Friend, I don't know who you are, but I want to shake your hand and thank you for your Duke's Landing story...my husband and I live right around the corner and walk by there nearly every day. At LEAST a handful of times a week, I'd say.

I have my own Duke's Landing story--from the one time I went there, shortly after they opened. I went alone. I could not believe that I was alone, because everything that was happening was so mindblowing that I wasn't sure whether or not people would believe me when I told them the details. I really need to write the whole thing out; I have been planning to do so for a while.

Anyway, props to you, brave eater.

Anonymous said...

Ah, dukes. You tipped after all that? You pussy. Yeah, times ARE hard, butt-fuck it. I haven't tipped several times in recent months when: the food sucked, the attitude sucked, or I sucked. Either way - DON'T TIP EVERY GODDAM PERSON WHO HANDS YOU SOMETHING AND THINKS THEY DESERVE SOMETHING EXTRA. Shit. Buscemi said it all in the first 5 minutes of Reservoir dogs.

Anonymous said...

My girlfriend lives just around the corner from Duke's. We fell for the lure of the handwritten special. $4.93 for some eggs, toast, hashbrowns, I believe.
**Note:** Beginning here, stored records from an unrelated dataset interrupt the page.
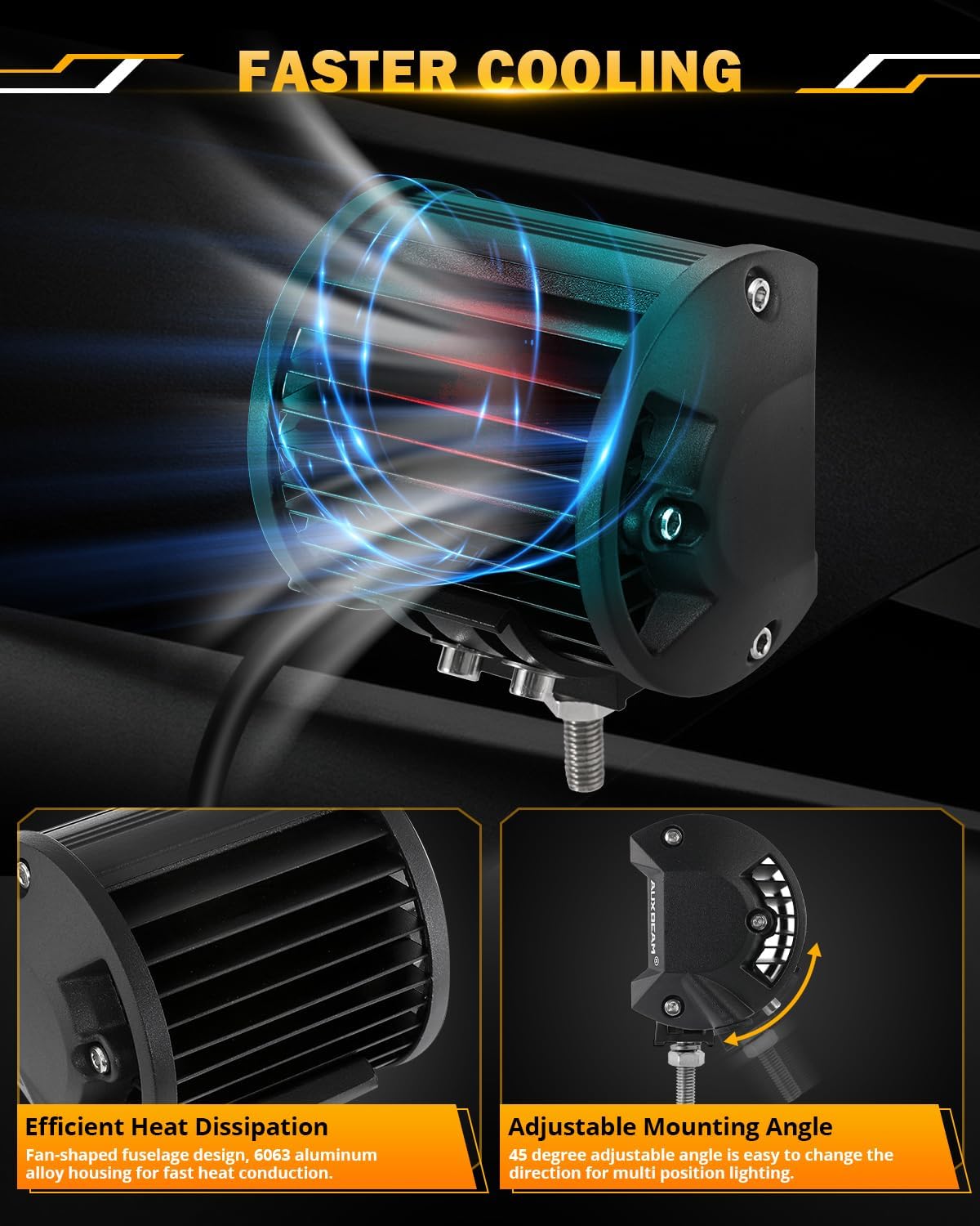 - 【UPGRADE 6 LIGHTING MODES】Auxbeam 4 inches light bars can switch between white, amber, white&amber, white/flash, amber/flash and white&amber/strobe by switching the light mode. Our design is very suitable for warning lights, fog lights, driving lights or work lights. 100% efforts has been devoted to help driver save time, save money and safe driving
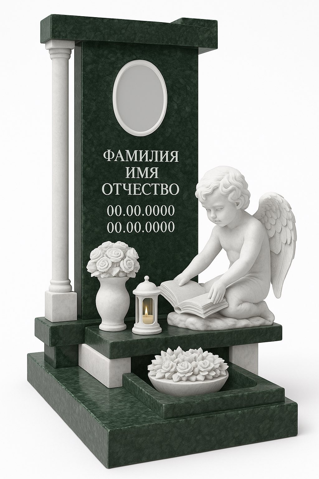 Элегантный памятник для ребёнка, выполненный в сочетании тёмно-зелёного гранита и белого камня, наполнен светлой символикой и теплом. Центральным элементом композиции выступает скульптура ангела с книгой, установленная на специальной площадке, оформленной гранитной колонной и массивным угловым основанием.
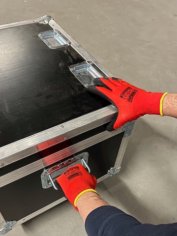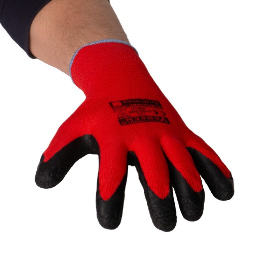 - Wytrzymałe rękawice ochronne wykonane z trwałej dzianiny poliestrowej, pokrytej warstwą lateksu i zakończone ściągaczem.
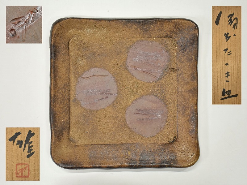 古美術買取【富山県小矢部市】のお客様より◆人間国宝 備前焼 藤原雄 たたき皿 角皿 四方皿◆をお買取り。
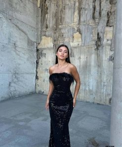فستان سهرة مخملي بدون حمالات مزين بالترتر من Merter Textile Manufacturers بسعر 20 دولارًا أمريكيًا – لون واحد – XS، S، M، L، XL، 2XL، سلسلة من 6 قطع – WGS 583286

You are correct. Without going into our experience too deeply, I will say that Duke's Landing is likely the worst restaurant in all of Portland. I'd love to see their health department scores.

Unknown said...

So, Just to set the record straight at Dukes Landing. If any one has a complaint about Dukes Landing and have the nerve to call me (I prefer to talk live to the complaintants) about your complaints and interest you can call me at 503-310-6340 or email dukeslanding@yahoo.com, my name is Trey and if I don't answer, leave a message, I will return your call. "Rancid butter", "Butter had turned" gross exaggeration! And to anyone as well as to the poster of this message give me a call and we can talk. Voice your complaints directly to the owner, which I know you would be more than happy to give me a call, you have my name and number. Talk you later.